● **Instructions to follow**
Without the pictures, restate all of the data below word for word.

● **Given records**

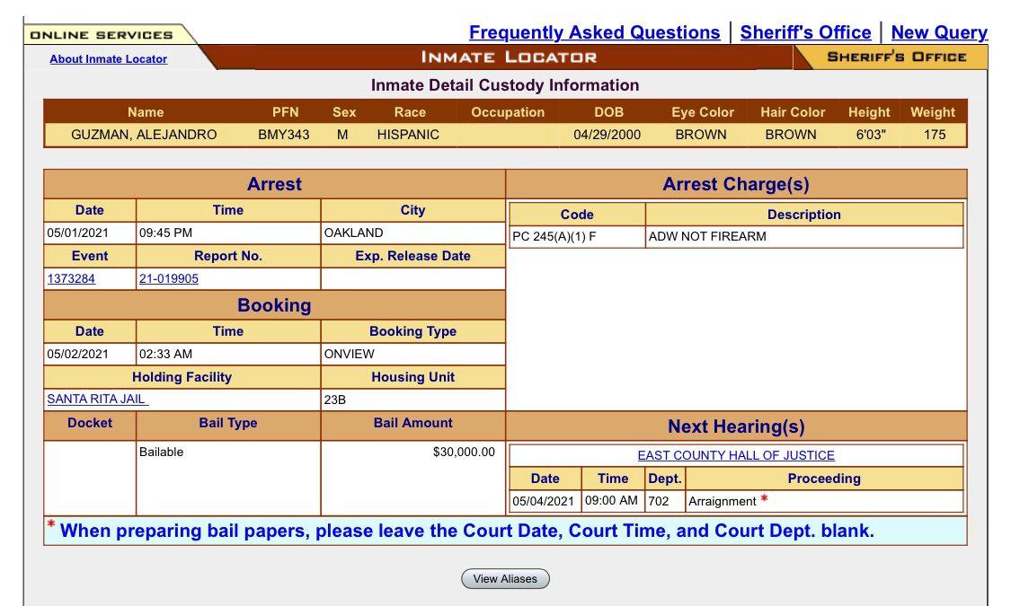Alejandro Guzman (21) was arrested for felony assault during the May 1st #Oakland #Antifa #riot. 'Allegedly' threw a soup can at officers. Two officers were injured during the planned riot https://archive.ph/ZRcu2 https://www.sfchronicle.com/crime/article/Oakland-police-arrest-two-demonstrators-on-16145165.php
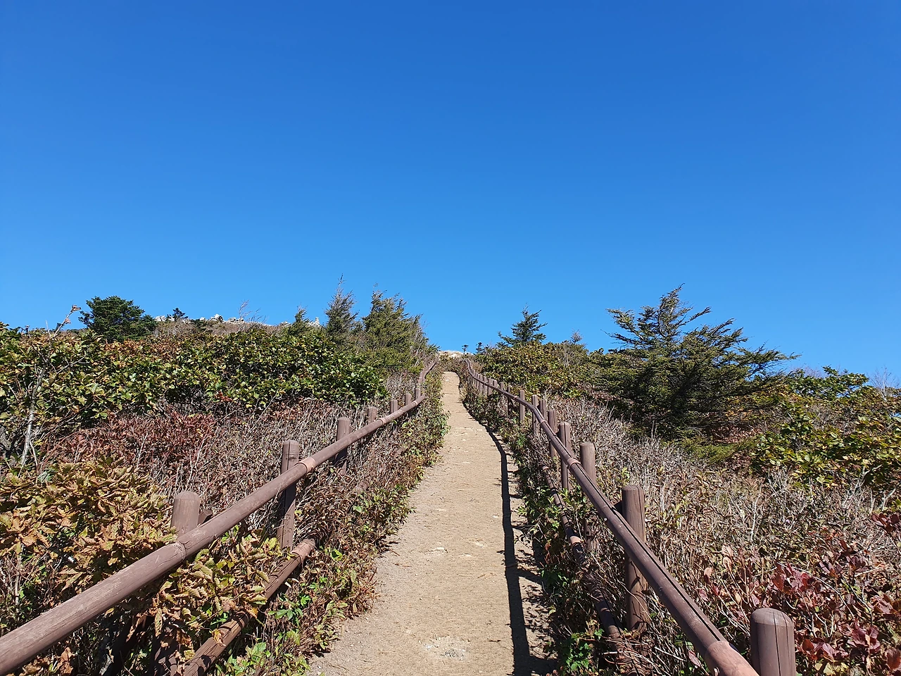 그다음 따라오는 사람은 중년의 한국인 여자 스님이었다. 그분은 서로 지나치는 짧은 시간에 정상에 등산로를 거쳐 올라갔었는지, 이 포장도로로 정상까지 가는 길이 괜찮은지 물어보았다.
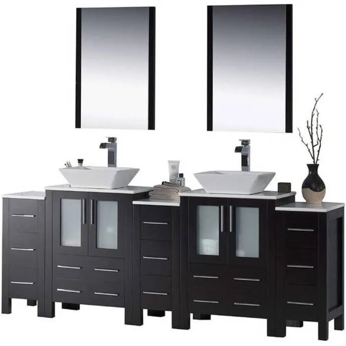 Blossom 84 Inch Bathroom Vanity with Ceramic Double Vessel Sinks & Mirrors - Espresso 001 84S3 02 V M
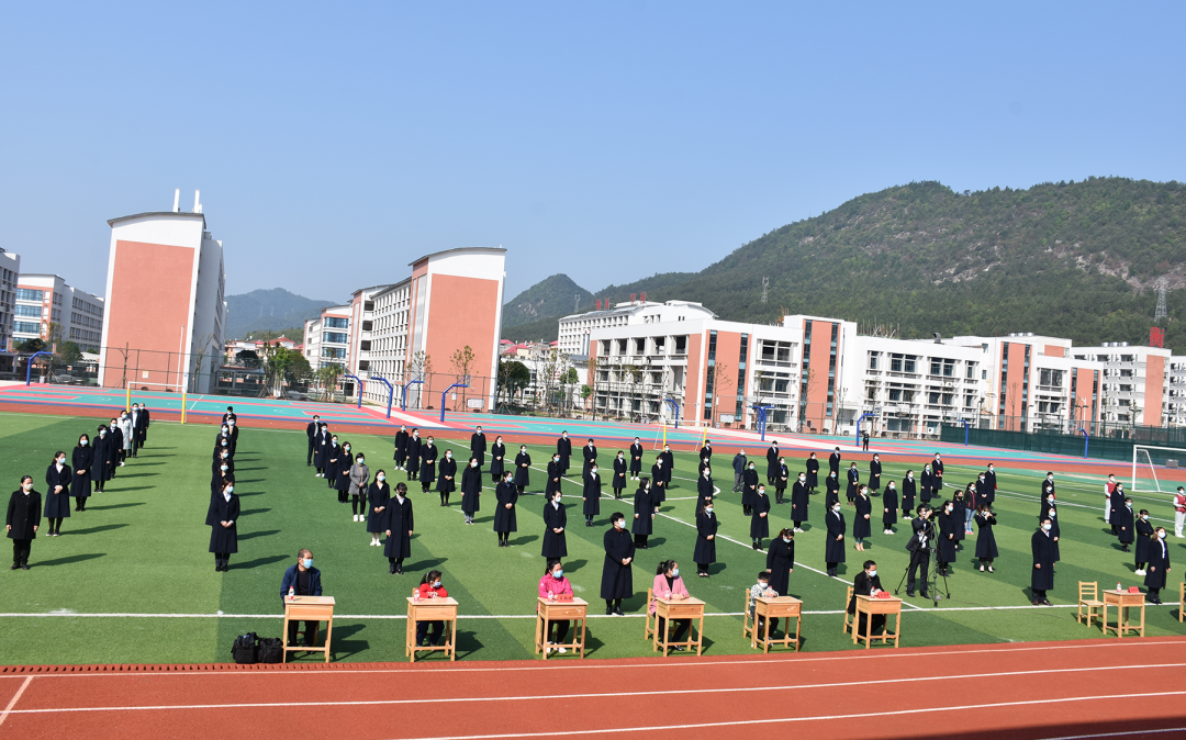 教師們著裝整齊,隔屏同頻行注目禮
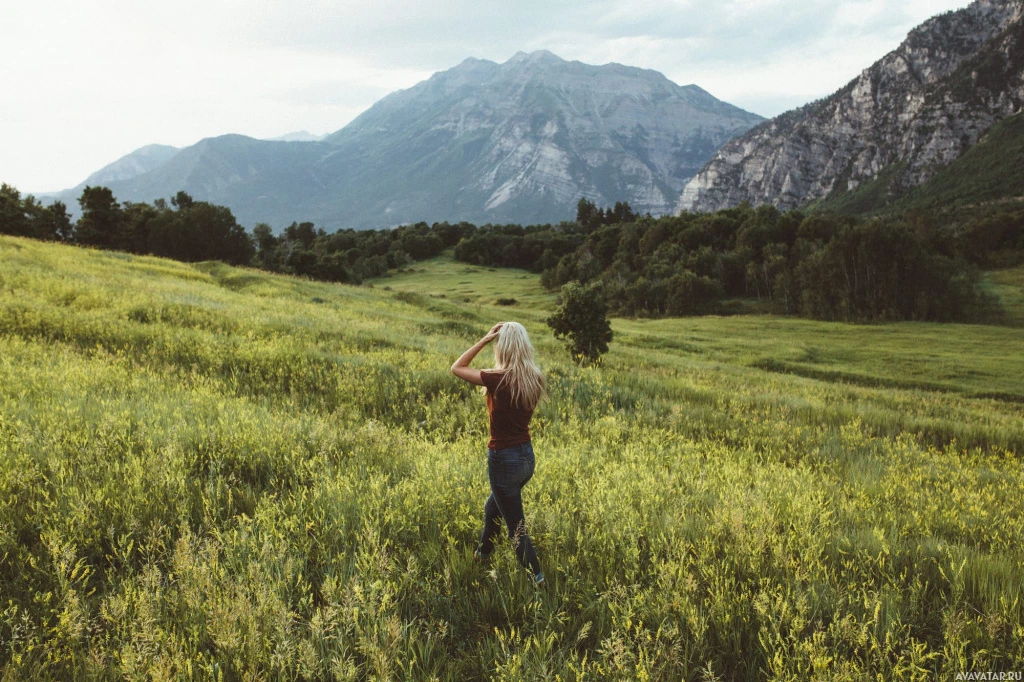 sleeved top with dark bottoms. They are facing away from the camera and seem to be looking at something out of frame, possibly observing the landscape or nature around them. In the background, there are mountains that suggest this could be a rural or natural setting. The person seems to be enjoying the environment.
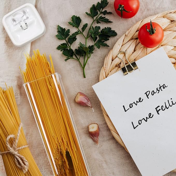 - 3 PIECES TALL SPAGHETTI CONTAINER â ITALIAN PASTA SET : Set includes 3pc 4 inch width REGULAR-Tall sized containers ( 2.0 quart), each size is perfectly calibrated to store common household staples including long noodles, spaghetti, fettuccine, linguine, lasagna, macaroni, farfalle, fusilli, also great for pantry, kitchen counter, makeup, bathroom, office supplies organization, or craft storage.
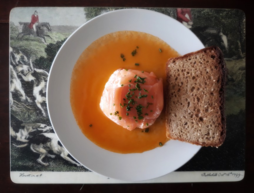 Back in the early days of the blog, I remember shuddering at some of the recipes; there were lots of unfamiliar ingredients – sprats, eels, bloaters – as well as a lot of smoked salmon, which I thought I did not like until I bought some of high quality as instructed by Jane. So unfamiliar was I with the ingredients I was not even sure #395 Red Herrings actually existed. It was difficult tracking them down, but I managed to find one supplier that still sold them. That supplier has sadly gone out of business, so I’m not sure if one can buy red herrings in Britain anymore so there’s a good chance I may have caught a taste of a food just before its extinction. If that is the case, I am glad I managed to feature it in soufflé form on a pop-up restaurant menu. Red herrings may be lost to us, but many traditional cures are still here alive and well, and what is more it’s the artisan producers who are making them and sticking to old methods and keeping them alive for us to enjoy today, canned and frozen fish notwithstanding.
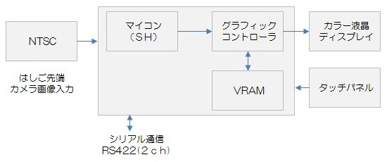 マイコン(SH)とグラフィックコントローラを使用し、刻々と変化する作業状態をリアルタイムに表示できるようにしています。 また、カラー液晶にタッチパネルを組み合わせることで、視認性と操作性の向上をはかっております。
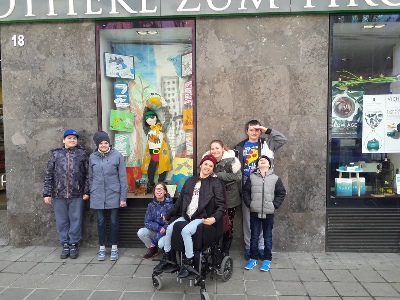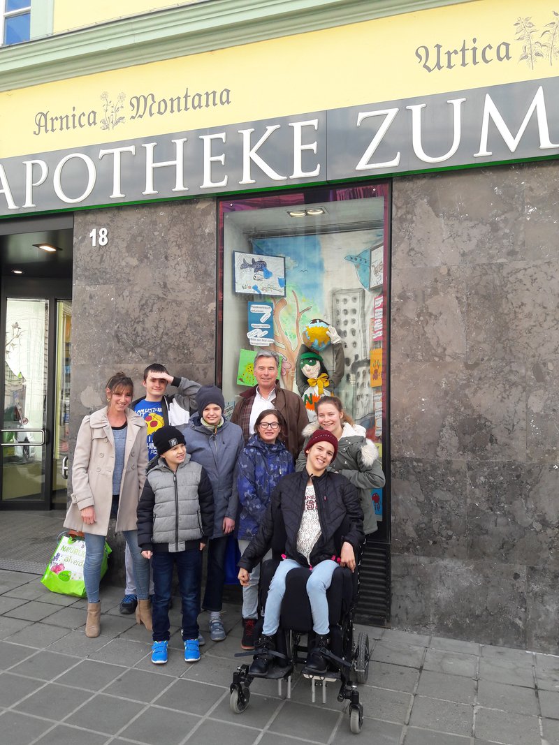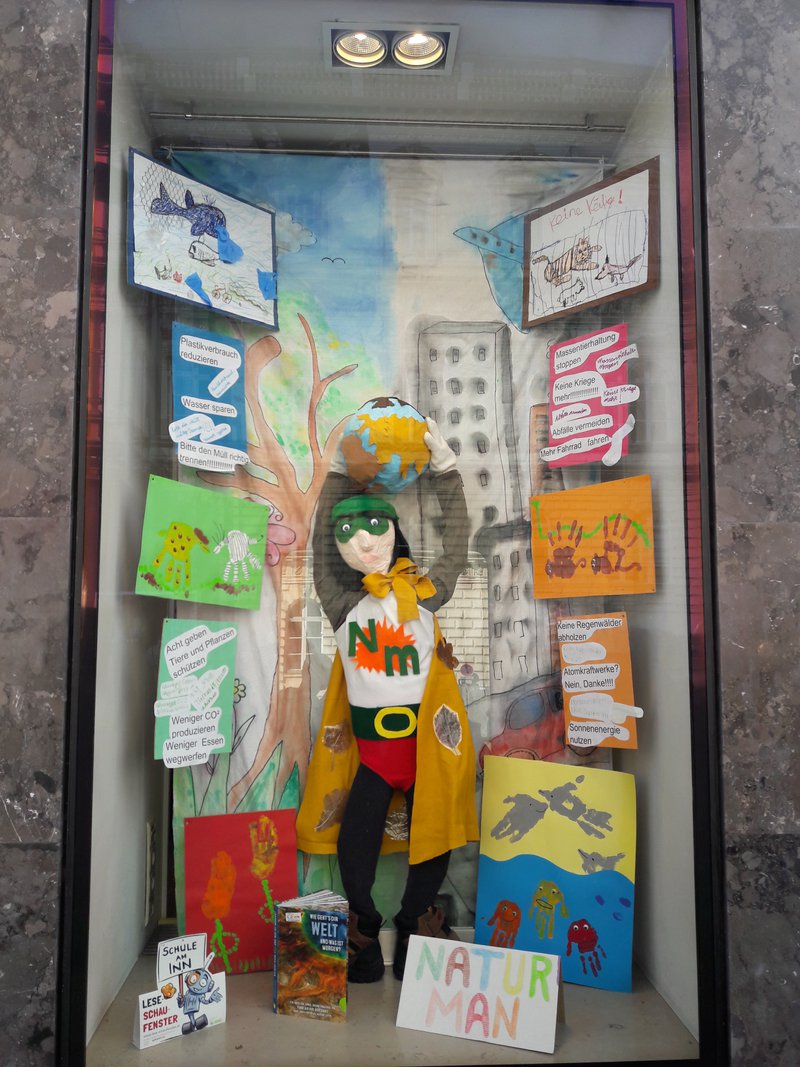 Umweltprobleme gehen uns alle an, deshalb wollen wir davor nicht die Augen verschließen. Oft ist es leichter wegzuschauen. Vielleicht gelingt es uns durch unser Schaufenster, dass Menschen hinschauen. Im Schaufenster der Apotheke zum Tiroler Adler, in der Museumstraße in Innsbruck, dürfen wir ausstellen. Das finden wir passend, denn wenn es einem Menschen nicht gut geht, findet er Hilfe in der Apotheke. Der Welt geht es leider auch nicht gut. Eine Apotheke dafür gibt es nicht, aber wir zeigen, wie wir alle zu Umwelt-Helden werden können!- Projektleitung:
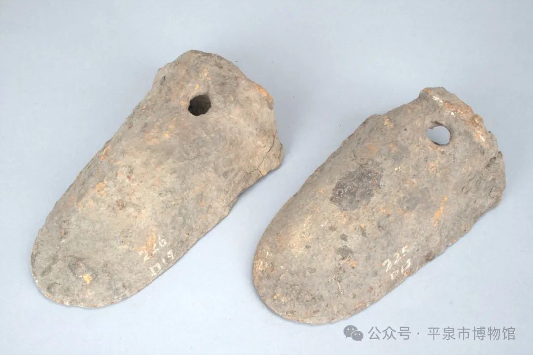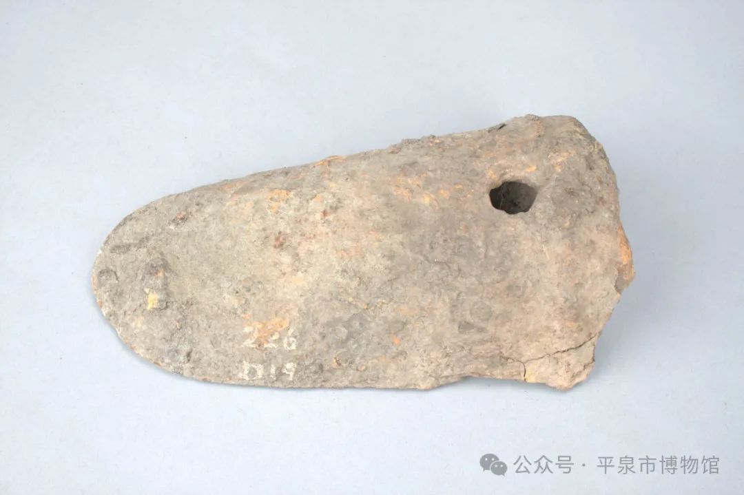 器物描述:耧足整体为足形,平底,弧刃,上有一圆形穿孔,半圆形銎。全长19.7厘米,宽11厘米,銎高6厘米。
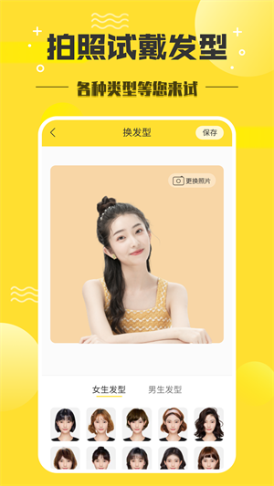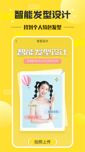 - 用户可以用手机拍照试发型、换发型、发型设计,一张自拍即可测脸型配发型,智能的设计最合适你的发型;

● **Solution below**
Alejandro Guzman (21) was arrested for felony assault during the May 1st #Oakland #Antifa #riot. 'Allegedly' threw a soup can at officers. Two officers were injured during the planned riot https://archive.ph/ZRcu2 https://www.sfchronicle.com/crime/article/Oakland-police-arrest-two-demonstrators-on-16145165.php
 그다음 따라오는 사람은 중년의 한국인 여자 스님이었다. 그분은 서로 지나치는 짧은 시간에 정상에 등산로를 거쳐 올라갔었는지, 이 포장도로로 정상까지 가는 길이 괜찮은지 물어보았다.
 Blossom 84 Inch Bathroom Vanity with Ceramic Double Vessel Sinks & Mirrors - Espresso 001 84S3 02 V M
 教師們著裝整齊,隔屏同頻行注目禮
 sleeved top with dark bottoms. They are facing away from the camera and seem to be looking at something out of frame, possibly observing the landscape or nature around them. In the background, there are mountains that suggest this could be a rural or natural setting. The person seems to be enjoying the environment.
 - 3 PIECES TALL SPAGHETTI CONTAINER â ITALIAN PASTA SET : Set includes 3pc 4 inch width REGULAR-Tall sized containers ( 2.0 quart), each size is perfectly calibrated to store common household staples including long noodles, spaghetti, fettuccine, linguine, lasagna, macaroni, farfalle, fusilli, also great for pantry, kitchen counter, makeup, bathroom, office supplies organization, or craft storage.
 Back in the early days of the blog, I remember shuddering at some of the recipes; there were lots of unfamiliar ingredients – sprats, eels, bloaters – as well as a lot of smoked salmon, which I thought I did not like until I bought some of high quality as instructed by Jane. So unfamiliar was I with the ingredients I was not even sure #395 Red Herrings actually existed. It was difficult tracking them down, but I managed to find one supplier that still sold them. That supplier has sadly gone out of business, so I’m not sure if one can buy red herrings in Britain anymore so there’s a good chance I may have caught a taste of a food just before its extinction. If that is the case, I am glad I managed to feature it in soufflé form on a pop-up restaurant menu. Red herrings may be lost to us, but many traditional cures are still here alive and well, and what is more it’s the artisan producers who are making them and sticking to old methods and keeping them alive for us to enjoy today, canned and frozen fish notwithstanding.
 マイコン(SH)とグラフィックコントローラを使用し、刻々と変化する作業状態をリアルタイムに表示できるようにしています。 また、カラー液晶にタッチパネルを組み合わせることで、視認性と操作性の向上をはかっております。
 Umweltprobleme gehen uns alle an, deshalb wollen wir davor nicht die Augen verschließen. Oft ist es leichter wegzuschauen. Vielleicht gelingt es uns durch unser Schaufenster, dass Menschen hinschauen. Im Schaufenster der Apotheke zum Tiroler Adler, in der Museumstraße in Innsbruck, dürfen wir ausstellen. Das finden wir passend, denn wenn es einem Menschen nicht gut geht, findet er Hilfe in der Apotheke. Der Welt geht es leider auch nicht gut. Eine Apotheke dafür gibt es nicht, aber wir zeigen, wie wir alle zu Umwelt-Helden werden können!- Projektleitung:
 器物描述:耧足整体为足形,平底,弧刃,上有一圆形穿孔,半圆形銎。全长19.7厘米,宽11厘米,銎高6厘米。
 - 用户可以用手机拍照试发型、换发型、发型设计,一张自拍即可测脸型配发型,智能的设计最合适你的发型;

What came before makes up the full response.